A *truth assignment* is a mapping of boolean variables to truth values (i.e., `true` or
`false`). When all the boolean variables that occur in a formula of propositional logic are
assigned a value, then that formula evaluates to either `true` or `false`. We can think of a
formula as defining a set of truth assignments: namely, the truth assignments that make that
formula evaluate to `true`.

A regular expression is either a character, or it is a composite expression in
which subexpressions are joined by regex operators. A regular expression defines a set of sequences
of characters: those sequences that match the regular expression.

We can think of truth assignments as characters, and we can think of a propositional
formula as a regular expression in which the truth assignments it defines are joined by
alternation (i.e., the regex operator `|`). So, for instance,
the formula `not (p and q)` can be thought of as `{p = true, q = false} | {p = false, q = true}
| {p = false, q = false}`.

If we consider truth assignments as characters and propositional formulas as alternations over
these characters, then if we join propositional formulas with regex operators and interpret the
result according to the ordinary semantics of regular expressions we have something that
defines a sequence of truth assignments. We call this a *temex*, for temporal expression.

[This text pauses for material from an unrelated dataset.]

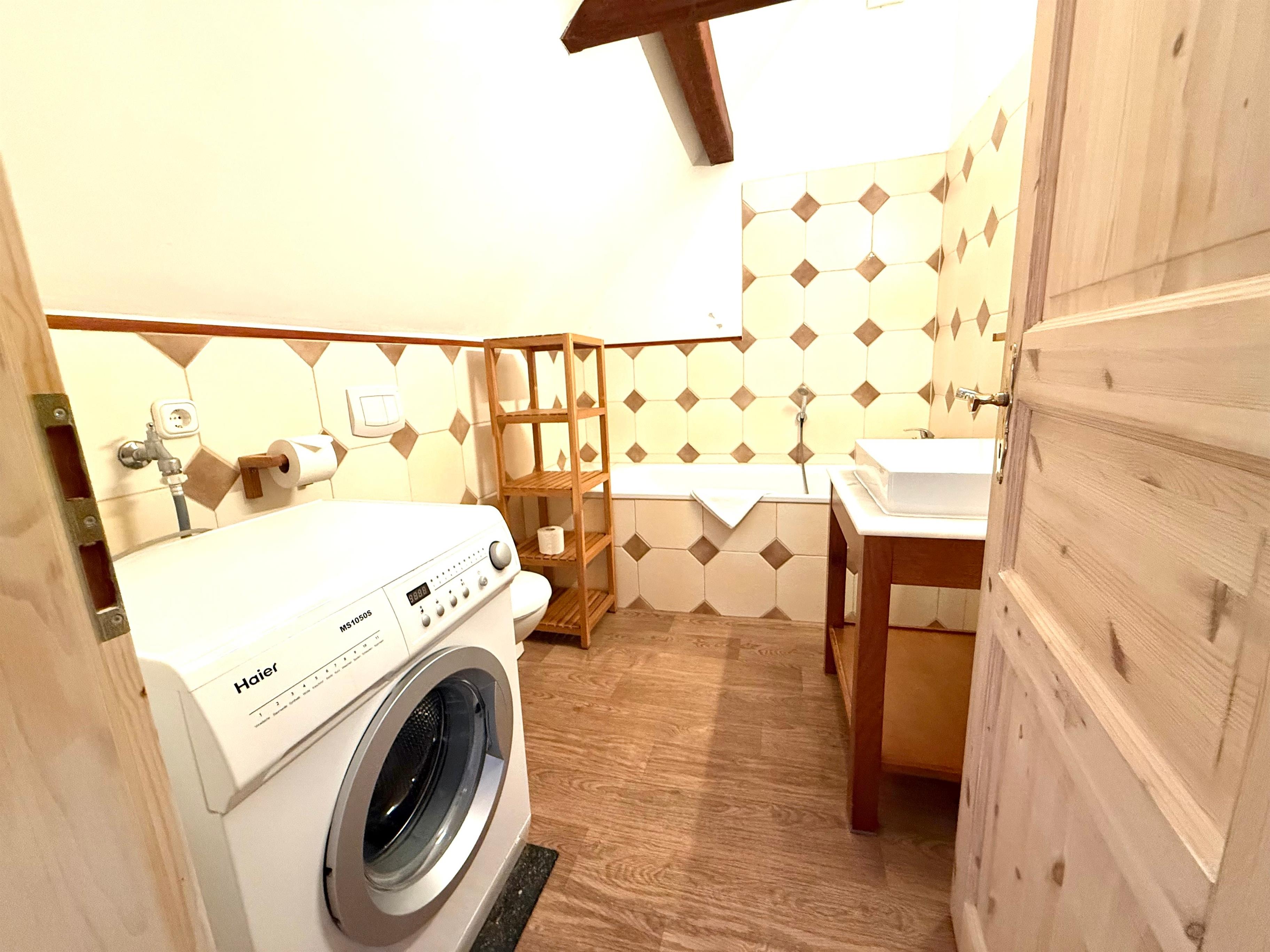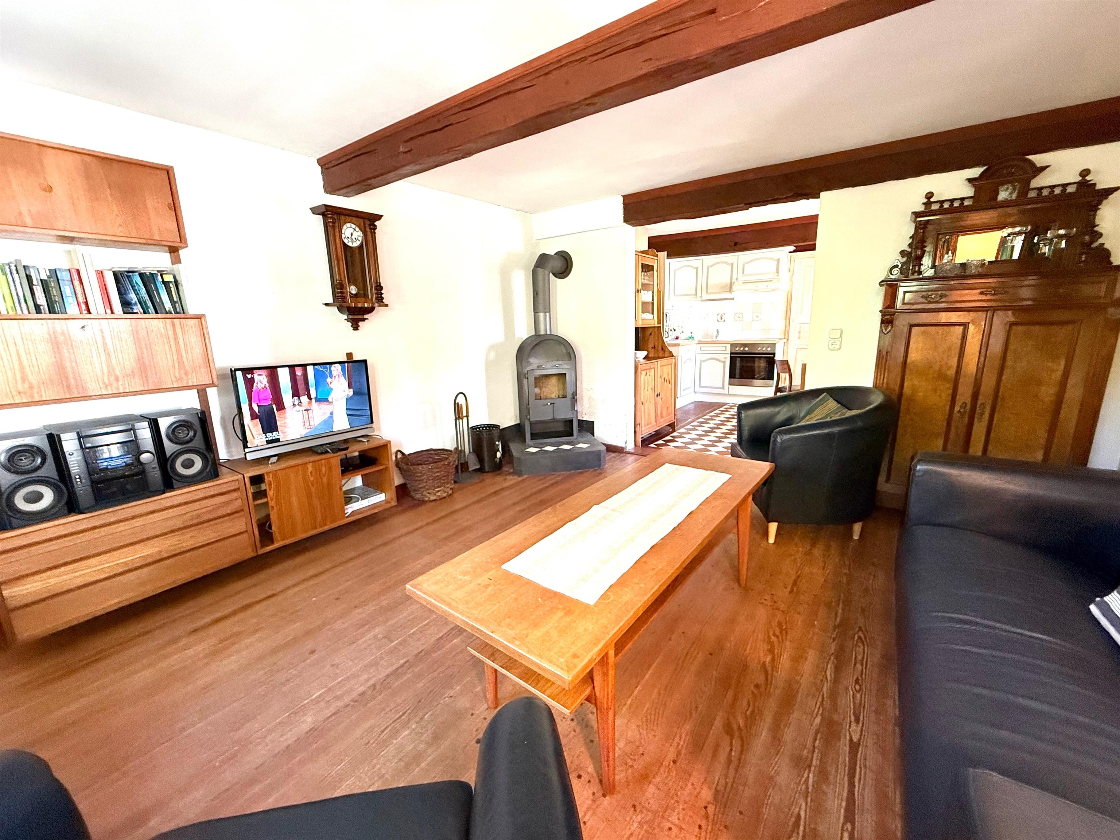 Im rückwärtigen Bereich des etwa 1000 m² großen Grundstücks, hinter dem Bauerngarten befindet sich eine große Wiese mit Sandkiste zum Spielen und Grillen. Am Gartenausgang auf der Südwestseite des Hauses finden Sie großzügige Terrassen mit Gartenmöbeln. Über die alte Hofzufahrt können Sie einen Stellplatz nutzen.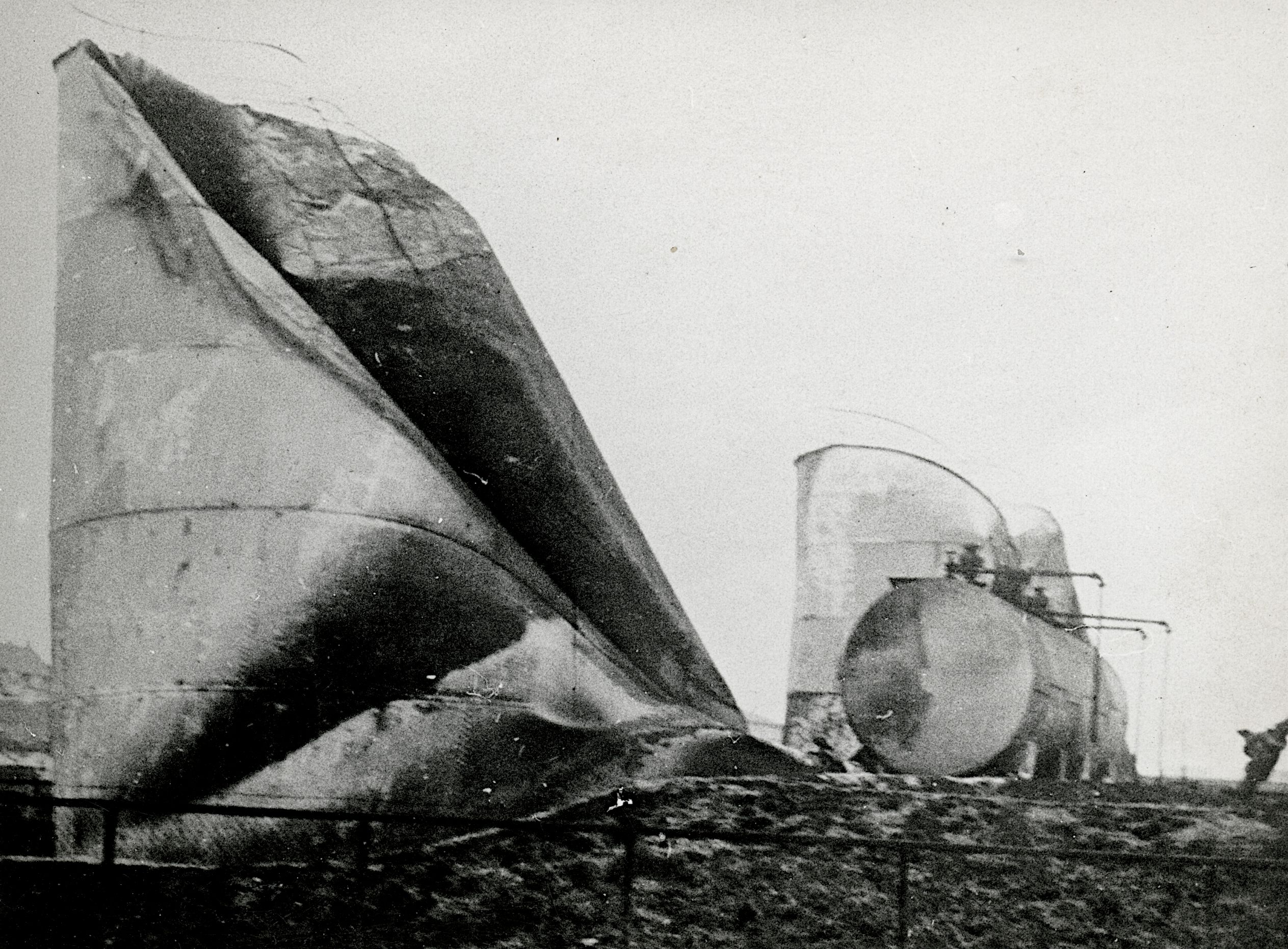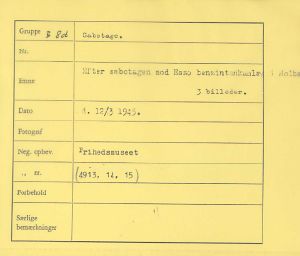 Maskingenkendt tekst fra fotokuvert: Efter sabotagen mod Esso benintankanlæg i Holbæk.

We can use a temex to search sequences of truth assignments (henceforth called *traces*) in
much the same way we can use regular expressions to search strings. `temex` implements this
functionality.

## Temex syntax

Temex atoms are propositional formulas enclosed in square brackets (`[` and `]`). They may be
joined with regex operators in the same ways characters can be joined with regex operators in a
regular expression.

#### Propositional formula syntax
A propositional formula may be a boolean variable (which begins with an alphabetic character and
may contain alphabetic or numeric characters as well as underscores), or a composite formula,
in which subformulas are joined with propositional connectives. `temex` uses the English words
`not`, `and`, and `or` for negation, conjunction, and disjunction; `not` has the highest
operator precedence, while `and` and `or` have equal precedence and are right associative.
Examples:

  * `f123`
  * `is_sunny and not is_raining`
  * `cpu_GT_80 and not (mem_LT_40 or io_LT_20)`

#### Regex operator syntax
`temex`'s regex operators inherit the syntax of the [regex](https://crates.io/crates/regex)
crate, which `temex` uses to implement its regex operators.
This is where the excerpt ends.